Records from a data source
☆ ☆ ☆

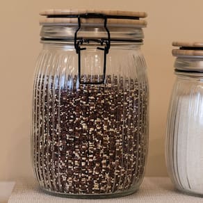 Design Versalhes: O elegante padrão listrado do vidro confere um toque refinado e exclusivo ao pote, elevando o nível da decoração da sua cozinha.
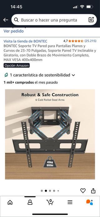 SOPORTES TV HASTA OJO AL ANUNCIO 🔴85 PULGADAS Y MAX 50KG🔴 ENVÍO POR WALLAPOP O VENTA EN MANO EN MADRID CAPITAL Fijos Fijos inclinable Extensible un brazo Doble brazo extensible. SOPORTE TECHO 🔴Soporte fijo hasta 42" a 7€ 🔴Soporte fijo hasta 55" a 8€ 🔴Sop fijo hasta-55" 15€ INCLINABLE 🔴Sop fijo hasta-70" 16€ INCLINABLE 🔴Sop fijo hasta-85" a12€ 🔴Sop techo hasta 55 20€ 🔴Sop.extensible hasta 30"a 10€ 🔴Sop ext. hasta 46"-13€ Max 8kg 🔴Sop ext. hasta 55"-15€ Max 9kg 🔴Sop ext. hasta 55"-18€ Max 15kg 🔴Sop ext. hasta 65"-25€ Max 25kg ENVÍOS POR WALLAPOP O VENTA EN MANO EN MADRID CAPITAL
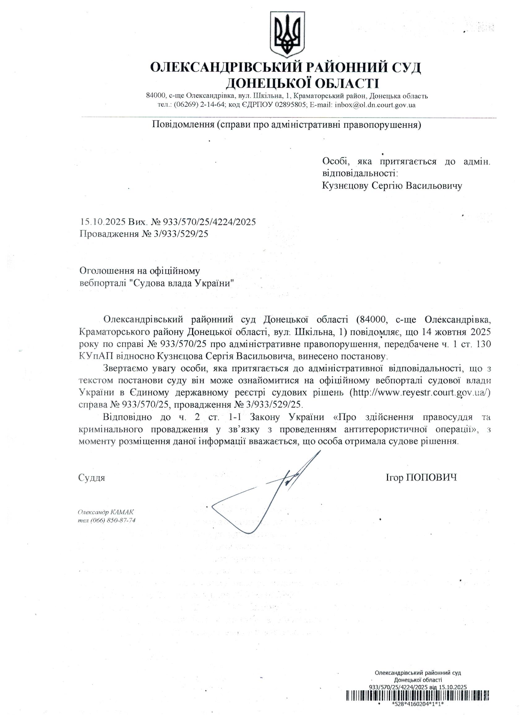 Оголошення для Кузнєцова С.В.
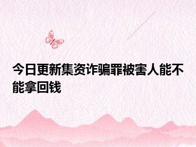 目前大家应该是对集资诈骗罪被害人能不能拿回钱比较感兴趣的,所以今天CC就来为大家整理了一些关于集资诈骗罪被害人能不能拿回钱方面的相关知识来分享给大家,希望大家会喜欢哦。
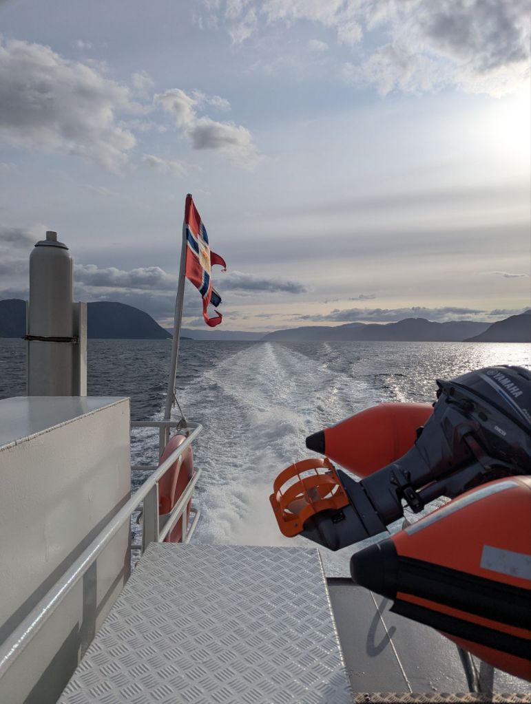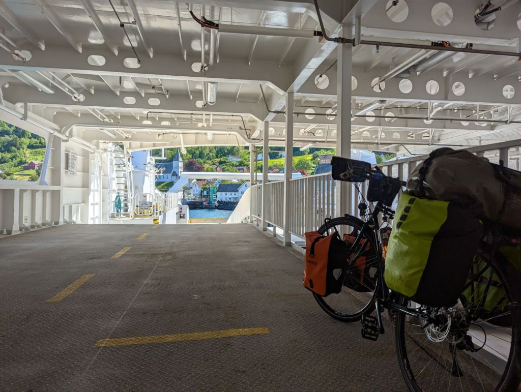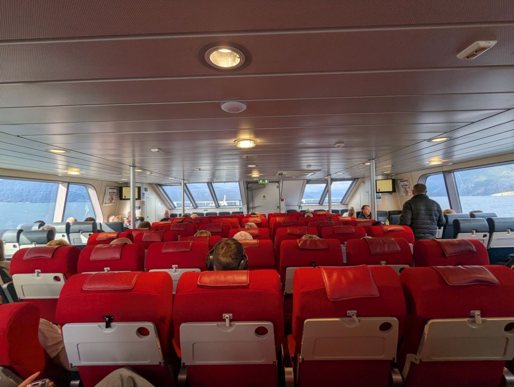 I didn’t really know what to expect from this so called ‘fast ferry’ I had booked. I knew it was operated by a private operator Norled and I nearly got on their long-distance car ferry heading back to Bergen by mistake. But there was a separate, much smaller dock for the fast ferry, which turned out to be a small catamaran for foot passengers only. I boarded along a narrow plank laid down between the jetty and the bow, where the crew member instructed me to park my bike at the back of the boat.

☆ ☆ ☆

**What you should do**
Exact copies of all the entries are needed; output them without the pictures.

**Task response**
 Design Versalhes: O elegante padrão listrado do vidro confere um toque refinado e exclusivo ao pote, elevando o nível da decoração da sua cozinha.
 SOPORTES TV HASTA OJO AL ANUNCIO 🔴85 PULGADAS Y MAX 50KG🔴 ENVÍO POR WALLAPOP O VENTA EN MANO EN MADRID CAPITAL Fijos Fijos inclinable Extensible un brazo Doble brazo extensible. SOPORTE TECHO 🔴Soporte fijo hasta 42" a 7€ 🔴Soporte fijo hasta 55" a 8€ 🔴Sop fijo hasta-55" 15€ INCLINABLE 🔴Sop fijo hasta-70" 16€ INCLINABLE 🔴Sop fijo hasta-85" a12€ 🔴Sop techo hasta 55 20€ 🔴Sop.extensible hasta 30"a 10€ 🔴Sop ext. hasta 46"-13€ Max 8kg 🔴Sop ext. hasta 55"-15€ Max 9kg 🔴Sop ext. hasta 55"-18€ Max 15kg 🔴Sop ext. hasta 65"-25€ Max 25kg ENVÍOS POR WALLAPOP O VENTA EN MANO EN MADRID CAPITAL
 Оголошення для Кузнєцова С.В.
 目前大家应该是对集资诈骗罪被害人能不能拿回钱比较感兴趣的,所以今天CC就来为大家整理了一些关于集资诈骗罪被害人能不能拿回钱方面的相关知识来分享给大家,希望大家会喜欢哦。
 I didn’t really know what to expect from this so called ‘fast ferry’ I had booked. I knew it was operated by a private operator Norled and I nearly got on their long-distance car ferry heading back to Bergen by mistake. But there was a separate, much smaller dock for the fast ferry, which turned out to be a small catamaran for foot passengers only. I boarded along a narrow plank laid down between the jetty and the bow, where the crew member instructed me to park my bike at the back of the boat.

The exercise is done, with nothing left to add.